In the entries below, find the line with "Conjunto Box Baú" and print exactly every line from there up to and including the line with "Players of both", with no other lines.

══ DATA UNDER STUDY

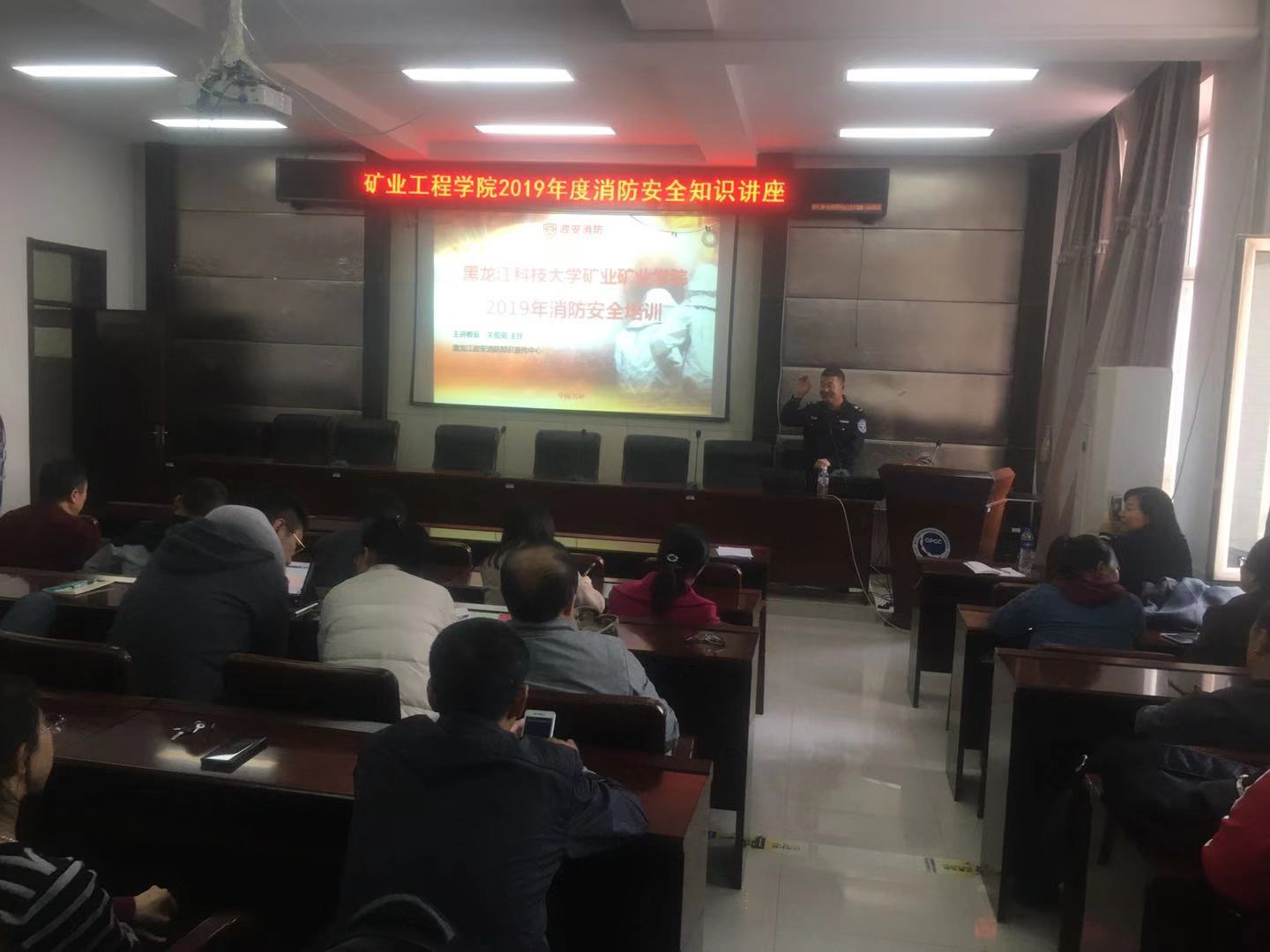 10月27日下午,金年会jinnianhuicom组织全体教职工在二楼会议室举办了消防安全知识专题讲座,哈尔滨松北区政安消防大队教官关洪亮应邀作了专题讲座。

════
══ DATA UNDER STUDY

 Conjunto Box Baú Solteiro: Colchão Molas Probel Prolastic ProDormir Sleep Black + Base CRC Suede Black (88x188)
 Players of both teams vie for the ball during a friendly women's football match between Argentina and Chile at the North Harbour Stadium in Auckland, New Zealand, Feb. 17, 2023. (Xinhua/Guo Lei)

════
══ DATA UNDER STUDY

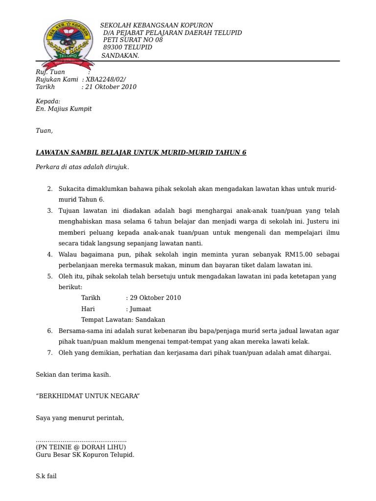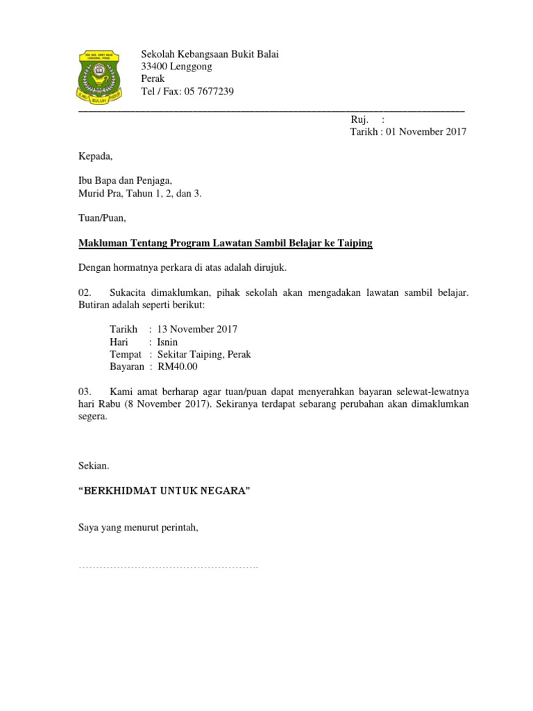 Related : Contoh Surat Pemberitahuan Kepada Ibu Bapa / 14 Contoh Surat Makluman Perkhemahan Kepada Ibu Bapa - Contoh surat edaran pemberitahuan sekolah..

════

ANSWER SPACE.
 Conjunto Box Baú Solteiro: Colchão Molas Probel Prolastic ProDormir Sleep Black + Base CRC Suede Black (88x188)
 Players of both teams vie for the ball during a friendly women's football match between Argentina and Chile at the North Harbour Stadium in Auckland, New Zealand, Feb. 17, 2023. (Xinhua/Guo Lei)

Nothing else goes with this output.